(Today I read a article a Docker. It’s a good thing and I want share it to you)
Docker is an open-source engine that automates the deployment of any application as a lightweight, portable, self-sufficient container that will run virtually anywhere.
Docker containers can encapsulate any payload, and will run consistently on and between virtually any server. The same container that a developer builds and tests on a laptop will run at scale, in production, on VMs, bare-metal servers, OpenStack clusters, public instances, or combinations of the above.
Common use cases for Docker include:
- Automating the packaging and deployment of applications
- Creation of lightweight, private PAAS environments
- Automated testing and continuous integration/deployment
- Deploying and scaling web apps, databases and backend services
Table of contents
- About Docker
- Table of contents
- Why Should I Care (For Developers)
- Why Should I Care (For Devops)
- What are the Main Features of Docker
- What are the Basic Docker Functions
- How Do Containers Work? (And How are they Different From VMs)
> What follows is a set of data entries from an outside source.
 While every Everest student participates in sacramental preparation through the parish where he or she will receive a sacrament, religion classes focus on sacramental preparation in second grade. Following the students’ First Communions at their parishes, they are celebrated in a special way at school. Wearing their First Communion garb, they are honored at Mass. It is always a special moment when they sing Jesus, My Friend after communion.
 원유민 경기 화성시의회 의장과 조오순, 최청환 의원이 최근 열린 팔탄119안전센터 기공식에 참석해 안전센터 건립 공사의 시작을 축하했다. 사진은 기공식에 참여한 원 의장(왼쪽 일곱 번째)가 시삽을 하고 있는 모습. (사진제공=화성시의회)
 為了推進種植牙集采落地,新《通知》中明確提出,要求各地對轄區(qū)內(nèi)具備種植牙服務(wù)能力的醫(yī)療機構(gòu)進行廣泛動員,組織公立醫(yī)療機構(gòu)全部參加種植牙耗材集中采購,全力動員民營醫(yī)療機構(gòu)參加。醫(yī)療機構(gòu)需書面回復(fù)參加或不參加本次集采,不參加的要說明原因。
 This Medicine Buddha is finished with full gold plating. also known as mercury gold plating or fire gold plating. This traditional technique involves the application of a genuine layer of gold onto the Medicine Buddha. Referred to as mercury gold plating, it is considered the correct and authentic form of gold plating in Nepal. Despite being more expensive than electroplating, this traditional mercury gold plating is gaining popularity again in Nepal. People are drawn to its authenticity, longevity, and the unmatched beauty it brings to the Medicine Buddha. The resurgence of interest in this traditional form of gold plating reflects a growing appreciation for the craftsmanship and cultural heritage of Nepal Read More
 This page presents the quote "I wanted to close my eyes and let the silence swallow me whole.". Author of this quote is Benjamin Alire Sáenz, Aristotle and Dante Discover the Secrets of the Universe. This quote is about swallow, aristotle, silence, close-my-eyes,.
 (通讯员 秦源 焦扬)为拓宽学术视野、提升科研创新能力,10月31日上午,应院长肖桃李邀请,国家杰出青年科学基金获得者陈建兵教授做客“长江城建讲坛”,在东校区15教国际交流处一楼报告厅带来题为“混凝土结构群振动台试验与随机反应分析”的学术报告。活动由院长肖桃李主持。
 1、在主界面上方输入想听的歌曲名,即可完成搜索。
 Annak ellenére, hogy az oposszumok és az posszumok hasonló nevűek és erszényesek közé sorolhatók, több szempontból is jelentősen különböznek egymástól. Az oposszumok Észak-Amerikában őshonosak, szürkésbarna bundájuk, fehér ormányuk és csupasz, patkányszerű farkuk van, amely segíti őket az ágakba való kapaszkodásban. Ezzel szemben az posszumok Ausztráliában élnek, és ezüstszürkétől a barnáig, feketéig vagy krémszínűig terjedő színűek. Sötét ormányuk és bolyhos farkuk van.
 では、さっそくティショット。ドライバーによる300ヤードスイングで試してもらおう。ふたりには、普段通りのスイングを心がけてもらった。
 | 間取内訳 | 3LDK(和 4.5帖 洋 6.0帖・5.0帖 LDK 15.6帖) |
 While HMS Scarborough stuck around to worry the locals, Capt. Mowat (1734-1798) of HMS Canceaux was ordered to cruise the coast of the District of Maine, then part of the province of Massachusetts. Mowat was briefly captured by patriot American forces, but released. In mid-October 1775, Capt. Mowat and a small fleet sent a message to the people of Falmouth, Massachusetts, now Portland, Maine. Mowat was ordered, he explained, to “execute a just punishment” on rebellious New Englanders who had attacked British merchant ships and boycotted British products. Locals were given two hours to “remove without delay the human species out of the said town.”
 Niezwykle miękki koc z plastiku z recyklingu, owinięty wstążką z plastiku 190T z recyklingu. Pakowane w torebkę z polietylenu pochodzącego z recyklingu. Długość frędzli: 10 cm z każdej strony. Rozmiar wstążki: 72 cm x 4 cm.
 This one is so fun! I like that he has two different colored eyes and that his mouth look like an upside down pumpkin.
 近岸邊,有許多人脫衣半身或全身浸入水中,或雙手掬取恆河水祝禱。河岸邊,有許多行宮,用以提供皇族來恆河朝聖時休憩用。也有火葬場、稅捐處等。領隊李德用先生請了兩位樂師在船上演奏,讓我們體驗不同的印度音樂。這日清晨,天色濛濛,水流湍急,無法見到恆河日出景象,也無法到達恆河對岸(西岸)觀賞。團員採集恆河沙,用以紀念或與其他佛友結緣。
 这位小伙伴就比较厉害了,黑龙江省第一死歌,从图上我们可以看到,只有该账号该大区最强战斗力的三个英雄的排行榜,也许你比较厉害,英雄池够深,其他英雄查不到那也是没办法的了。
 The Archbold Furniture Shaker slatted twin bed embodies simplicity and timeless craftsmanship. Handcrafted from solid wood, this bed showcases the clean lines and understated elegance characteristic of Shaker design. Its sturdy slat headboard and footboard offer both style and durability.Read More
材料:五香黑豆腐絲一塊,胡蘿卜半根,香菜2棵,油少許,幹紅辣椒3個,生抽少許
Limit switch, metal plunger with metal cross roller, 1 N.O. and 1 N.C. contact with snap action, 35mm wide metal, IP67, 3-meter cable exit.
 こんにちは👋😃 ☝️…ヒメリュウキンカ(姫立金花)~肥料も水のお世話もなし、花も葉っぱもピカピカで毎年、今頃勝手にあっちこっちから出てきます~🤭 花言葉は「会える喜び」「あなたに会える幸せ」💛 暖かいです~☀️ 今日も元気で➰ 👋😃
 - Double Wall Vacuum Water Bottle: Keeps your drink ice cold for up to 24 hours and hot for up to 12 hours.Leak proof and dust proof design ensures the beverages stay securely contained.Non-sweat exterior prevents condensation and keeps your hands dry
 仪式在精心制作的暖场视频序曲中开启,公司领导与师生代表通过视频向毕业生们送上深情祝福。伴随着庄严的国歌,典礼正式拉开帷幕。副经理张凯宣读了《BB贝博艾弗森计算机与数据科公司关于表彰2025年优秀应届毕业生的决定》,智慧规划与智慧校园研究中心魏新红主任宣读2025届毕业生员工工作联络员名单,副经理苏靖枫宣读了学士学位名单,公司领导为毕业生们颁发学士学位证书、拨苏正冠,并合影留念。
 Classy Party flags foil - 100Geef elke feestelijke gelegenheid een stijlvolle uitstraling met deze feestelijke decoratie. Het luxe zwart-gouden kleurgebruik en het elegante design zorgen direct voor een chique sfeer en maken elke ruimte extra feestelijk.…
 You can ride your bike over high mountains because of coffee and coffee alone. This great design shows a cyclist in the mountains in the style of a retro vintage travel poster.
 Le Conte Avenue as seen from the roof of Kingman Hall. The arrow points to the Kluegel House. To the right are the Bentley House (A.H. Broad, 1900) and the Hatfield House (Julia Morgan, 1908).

- What is the Relationship between Docker and dotCloud?
- What Are Some Cool Use Cases For Docker?
- More things you would like to know:
Fifteen years ago, virtually all applications were written using well defined stacks of services and deployed on a single monolithic, proprietary server. Today, developers build and assemble applications using a multiplicity of the best available services, and must be prepared for those applications to be deployed across a multiplicity of different hardware environments, included public, private, and virtualized servers.
Figure 1: The Evolution of IT
This sets up the possibility for:
- Adverse interactions between different services and “dependency hell”
- Challenges in rapidly migrating and scaling across different hardware* The impossibility of managing a matrix of multiple different services deployed across multiple different types of hardware
Figure 2: The Challenge of Multiple Stacks and Multiple Hardware Environments
Or, viewed as a matrix, we can see that there is a huge number of combinations and permutations of applications/services and hardware environments that need to be considered every time an application is written or rewritten. This creates a difficult situation for both the developers who are writing applications and the folks in operations who are trying to create a scalable, secure, and highly performance operations environment.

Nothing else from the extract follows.